**DIRECTIONS:** Please print, exactly, only the lines in the entries below from the line that has "Vitamín U, na" through the line that has "1年生が校内見学をしています". Pictures don't go in.

**DATA PROVIDED:**
# # # # #

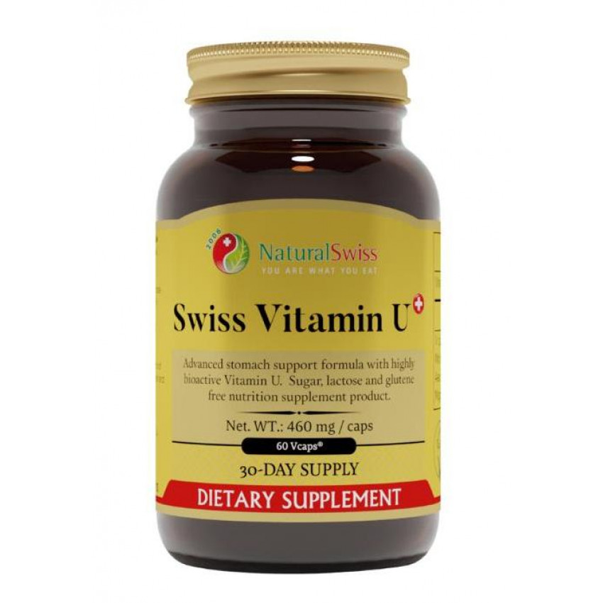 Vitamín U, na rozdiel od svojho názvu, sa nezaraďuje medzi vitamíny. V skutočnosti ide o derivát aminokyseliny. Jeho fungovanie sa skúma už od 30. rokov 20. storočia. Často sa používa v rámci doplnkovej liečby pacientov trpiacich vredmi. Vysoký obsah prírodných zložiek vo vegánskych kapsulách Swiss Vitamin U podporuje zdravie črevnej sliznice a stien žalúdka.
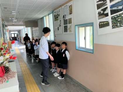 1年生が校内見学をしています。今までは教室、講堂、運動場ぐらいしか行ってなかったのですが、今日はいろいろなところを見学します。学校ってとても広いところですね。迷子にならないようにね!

# # # # #

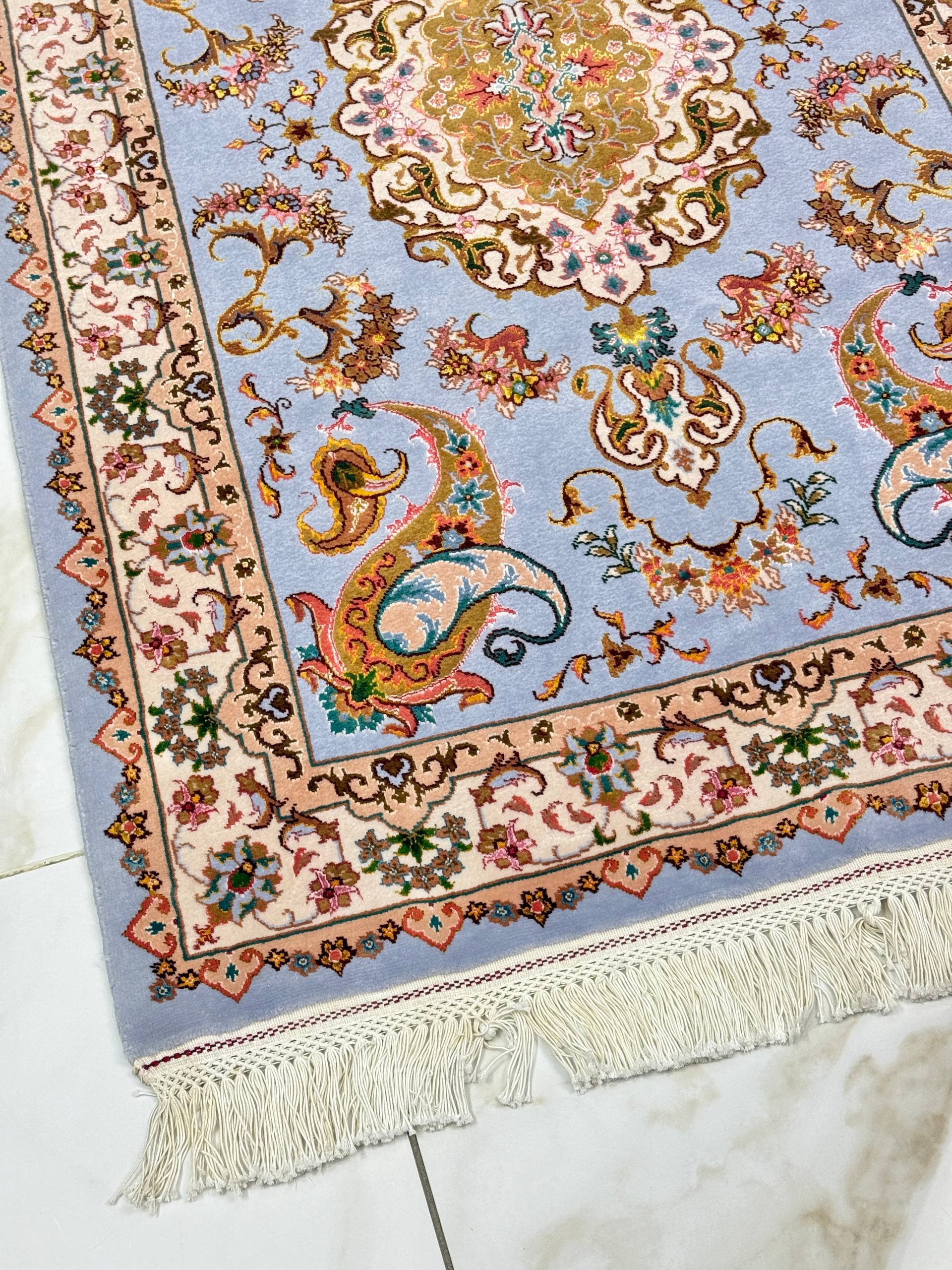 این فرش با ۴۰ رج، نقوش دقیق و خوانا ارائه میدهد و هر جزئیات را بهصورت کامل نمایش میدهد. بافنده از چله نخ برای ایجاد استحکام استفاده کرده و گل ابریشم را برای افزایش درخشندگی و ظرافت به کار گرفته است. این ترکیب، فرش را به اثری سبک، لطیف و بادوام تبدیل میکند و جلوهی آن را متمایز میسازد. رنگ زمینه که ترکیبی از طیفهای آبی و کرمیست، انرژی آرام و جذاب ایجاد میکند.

# # # # #

**YOUR SOLUTION:**
 Vitamín U, na rozdiel od svojho názvu, sa nezaraďuje medzi vitamíny. V skutočnosti ide o derivát aminokyseliny. Jeho fungovanie sa skúma už od 30. rokov 20. storočia. Často sa používa v rámci doplnkovej liečby pacientov trpiacich vredmi. Vysoký obsah prírodných zložiek vo vegánskych kapsulách Swiss Vitamin U podporuje zdravie črevnej sliznice a stien žalúdka.
 1年生が校内見学をしています。今までは教室、講堂、運動場ぐらいしか行ってなかったのですが、今日はいろいろなところを見学します。学校ってとても広いところですね。迷子にならないようにね!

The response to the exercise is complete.